(Records drawn from a dataset)
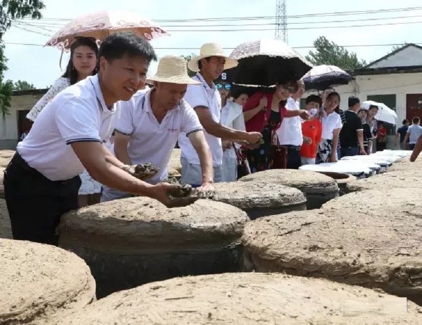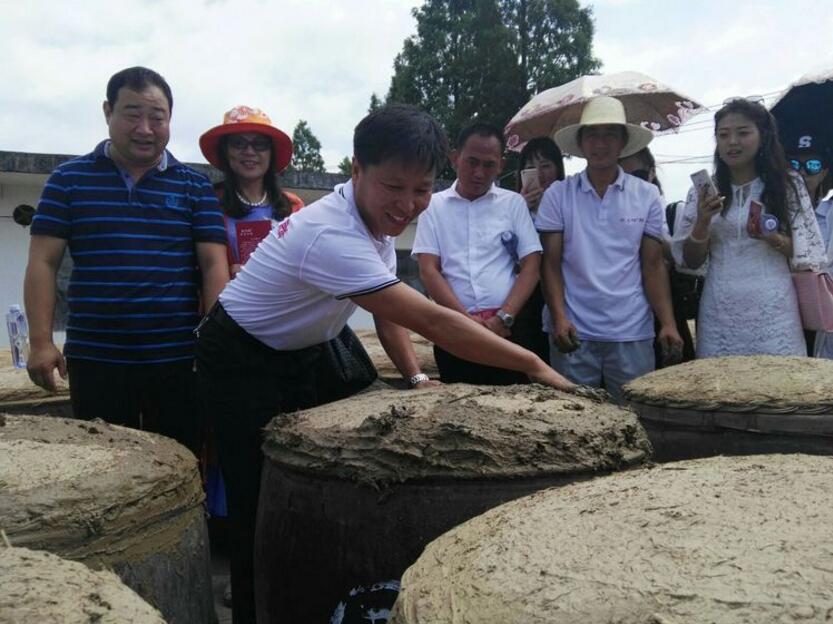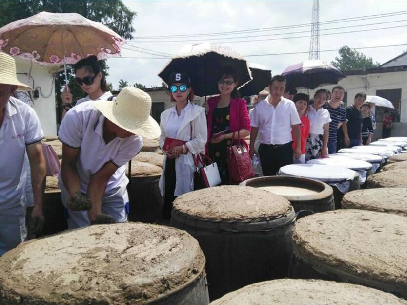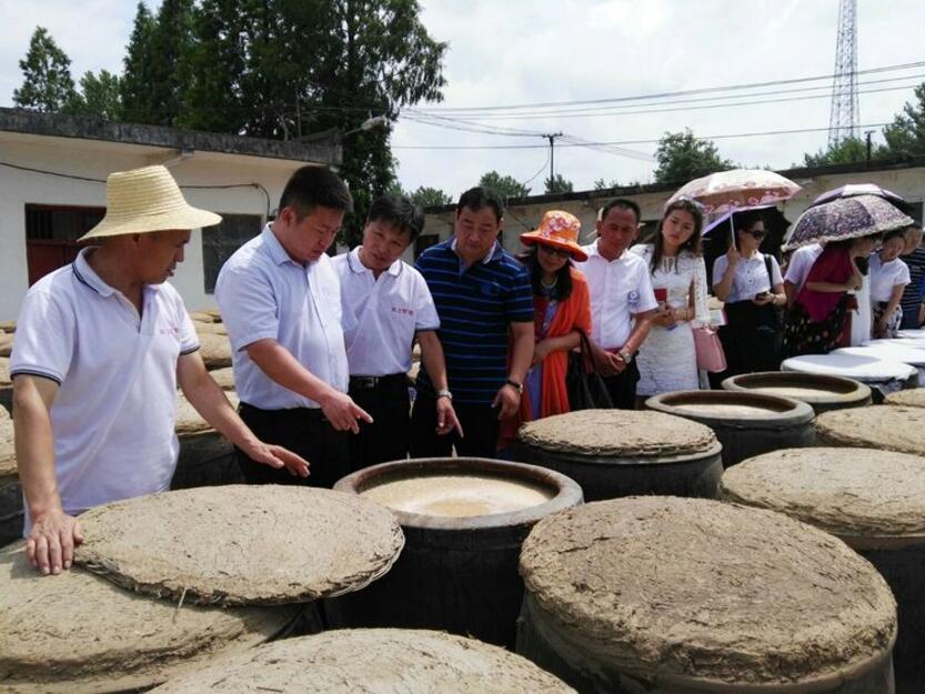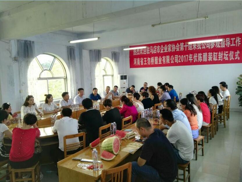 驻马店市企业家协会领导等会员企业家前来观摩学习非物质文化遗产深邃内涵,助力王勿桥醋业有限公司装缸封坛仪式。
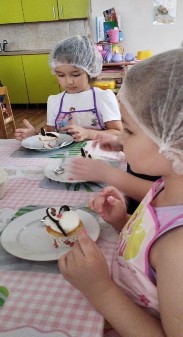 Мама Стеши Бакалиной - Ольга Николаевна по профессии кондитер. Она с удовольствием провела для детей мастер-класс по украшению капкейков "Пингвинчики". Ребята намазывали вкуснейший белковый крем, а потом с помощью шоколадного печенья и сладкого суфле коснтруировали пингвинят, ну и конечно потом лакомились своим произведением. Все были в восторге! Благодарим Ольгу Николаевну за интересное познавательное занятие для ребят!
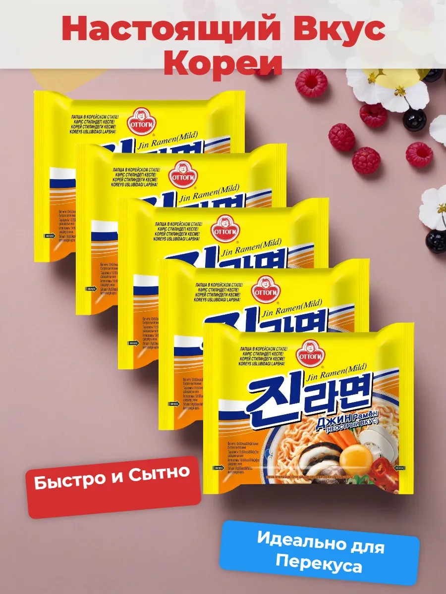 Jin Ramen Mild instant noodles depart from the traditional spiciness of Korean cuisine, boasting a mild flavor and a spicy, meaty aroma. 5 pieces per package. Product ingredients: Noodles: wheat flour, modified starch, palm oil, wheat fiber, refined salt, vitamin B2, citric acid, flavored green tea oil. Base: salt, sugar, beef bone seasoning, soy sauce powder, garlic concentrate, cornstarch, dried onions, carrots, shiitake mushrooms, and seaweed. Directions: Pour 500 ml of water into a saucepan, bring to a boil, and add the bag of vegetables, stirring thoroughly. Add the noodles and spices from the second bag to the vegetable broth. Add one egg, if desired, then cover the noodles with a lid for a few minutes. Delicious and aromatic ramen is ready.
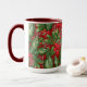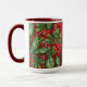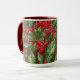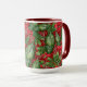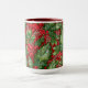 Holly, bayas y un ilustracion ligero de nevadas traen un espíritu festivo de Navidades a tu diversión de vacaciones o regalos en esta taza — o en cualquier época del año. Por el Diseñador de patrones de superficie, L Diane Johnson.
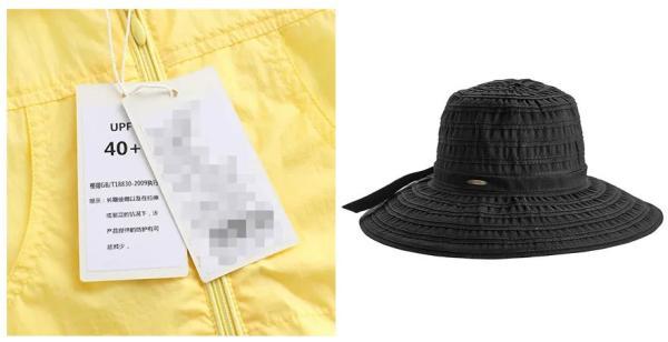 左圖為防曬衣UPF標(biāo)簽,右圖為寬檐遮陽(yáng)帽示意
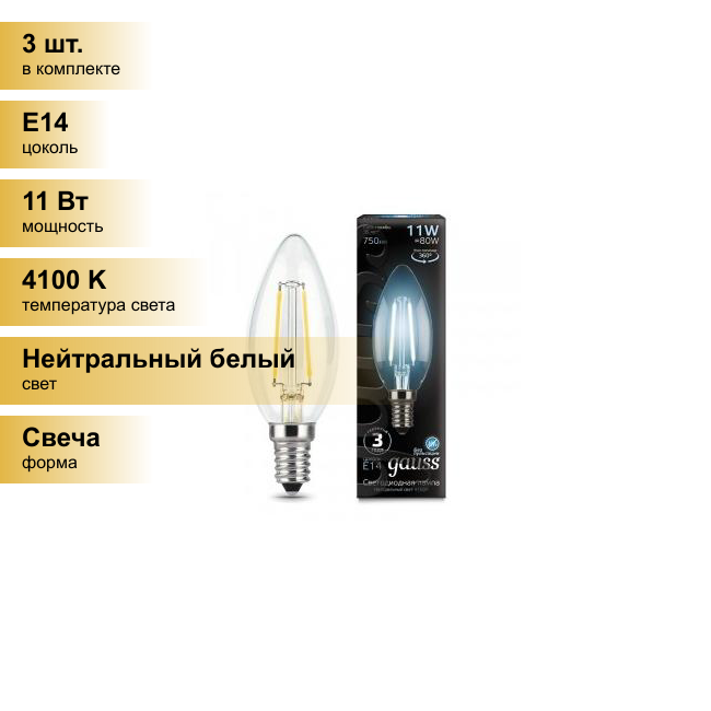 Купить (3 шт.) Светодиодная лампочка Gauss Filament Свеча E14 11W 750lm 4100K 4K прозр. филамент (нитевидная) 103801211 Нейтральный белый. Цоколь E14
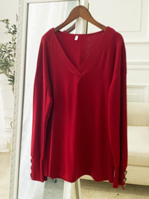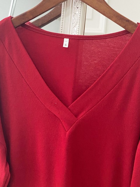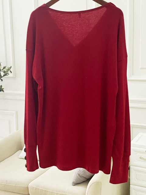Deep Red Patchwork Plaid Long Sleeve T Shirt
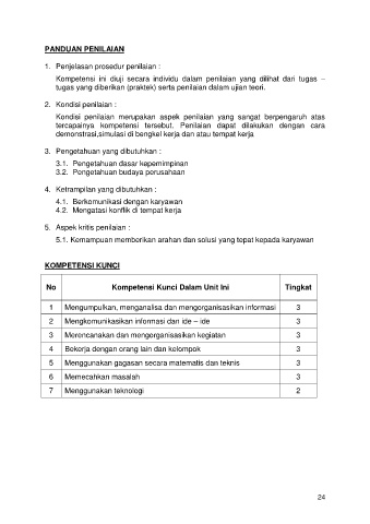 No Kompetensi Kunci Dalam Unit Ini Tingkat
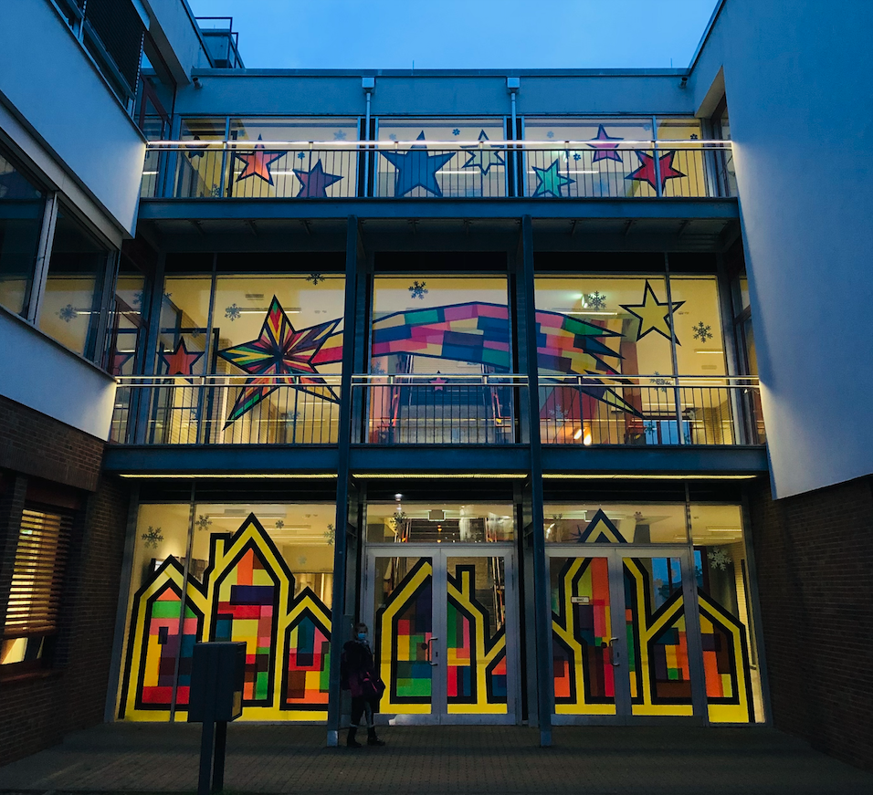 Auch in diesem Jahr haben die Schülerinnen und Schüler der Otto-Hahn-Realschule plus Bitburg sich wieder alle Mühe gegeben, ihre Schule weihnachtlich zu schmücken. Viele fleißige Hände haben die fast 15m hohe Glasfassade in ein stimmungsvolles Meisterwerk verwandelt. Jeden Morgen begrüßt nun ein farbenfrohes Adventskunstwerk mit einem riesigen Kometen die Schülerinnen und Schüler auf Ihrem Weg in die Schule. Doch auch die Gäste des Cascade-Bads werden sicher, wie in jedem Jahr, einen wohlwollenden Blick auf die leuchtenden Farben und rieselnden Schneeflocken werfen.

» What you need to do
Print, exactly and without pictures, the lines from the one holding "No Kompetensi Kunci Dalam Unit Ini Tingkat" through the last line of the entries above, both included.

» Exercise response
 No Kompetensi Kunci Dalam Unit Ini Tingkat
 Auch in diesem Jahr haben die Schülerinnen und Schüler der Otto-Hahn-Realschule plus Bitburg sich wieder alle Mühe gegeben, ihre Schule weihnachtlich zu schmücken. Viele fleißige Hände haben die fast 15m hohe Glasfassade in ein stimmungsvolles Meisterwerk verwandelt. Jeden Morgen begrüßt nun ein farbenfrohes Adventskunstwerk mit einem riesigen Kometen die Schülerinnen und Schüler auf Ihrem Weg in die Schule. Doch auch die Gäste des Cascade-Bads werden sicher, wie in jedem Jahr, einen wohlwollenden Blick auf die leuchtenden Farben und rieselnden Schneeflocken werfen.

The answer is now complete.